Хотя этот осенний вечер был сравнительно теплым, на широком открытом очаге трещала, стреляя искрами, огромная груда дров, причем отдельные клубы дыма уходили в примитивную трубу, но большая часть валила прямо в комнату, и дым стоял стеной, так что человек, вошедший снаружи, едва мог продохнуть. На очаге кипел и булькал огромный котел, распространяя вкусный, манящий запах. Вокруг него сидело человек десять — двенадцать самых разных возрастов и сословий. Когда Аллейн вошел, они встретили его такими криками, что он остановился, вглядываясь в них сквозь пелену дыма и недоумевая, что могла означать столь бурная встреча.
— Тост! Тост! — вопил какой-то малый грубого вида в рваной куртке. — Еще раз все выпьем меду или эля за счет последнего гостя!
— Таков уж закон «Пестрого кобчика», — орал другой. — Эй, сюда, госпожа Элиза! Новый гость пришел, а нет ни глотка для всей компании.
— Все, что прикажете, господа, я подам все, что прикажете, — ответила хозяйка, суетливо вбегая в комнату с охапкой кожаных кружек в руках. — Чего же вам подать?
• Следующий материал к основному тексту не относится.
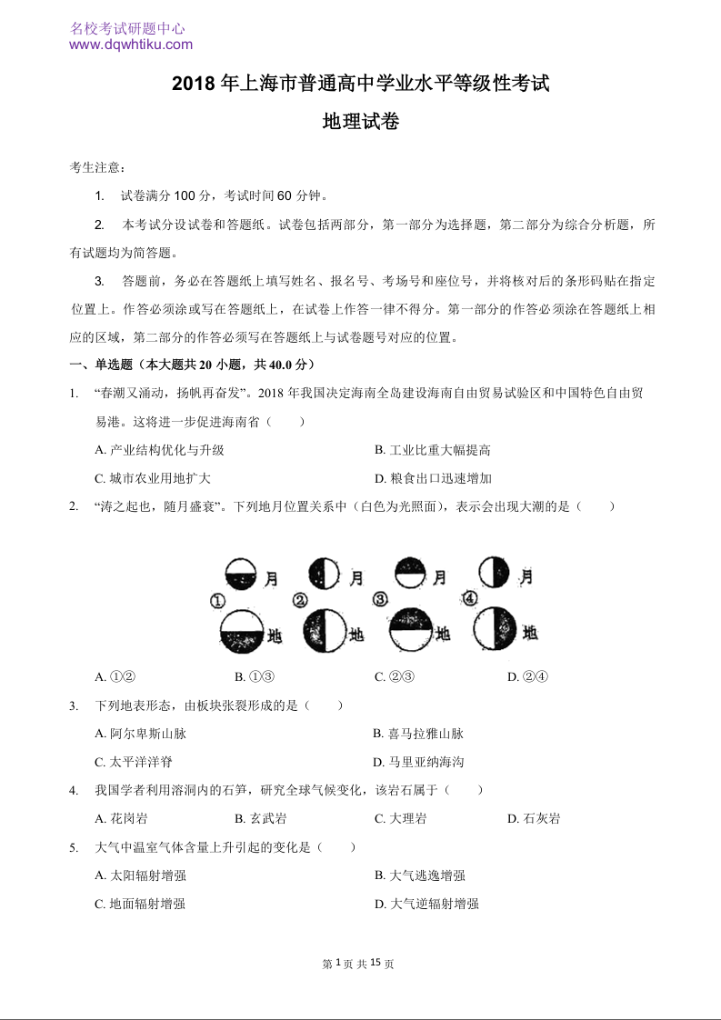 2018年地理高考真题--上海卷

Пива для лесных братьев, меду для певца, водки для жестянщика и вина для остальных? Таков здесь старинный обычай, молодой господин. Так принято в «Пестром кобчике» вот уже много лет, компания пьет за здоровье последнего гостя. Вы не откажетесь выполнить этот обычай?
— Что ж, добрая госпожа, — отозвался Аллейн, — я бы не нарушил обычая вашего дома, но должен признаться: мой кошелек весьма тощ. Если двух пенсов хватит, я буду очень рад выполнить то, что от меня требуется!
— Заявлено прямо и сказано смело, мой неопытный монашек, — проревел чей-то бас, и на плечо Аллейна легла тяжелая рука.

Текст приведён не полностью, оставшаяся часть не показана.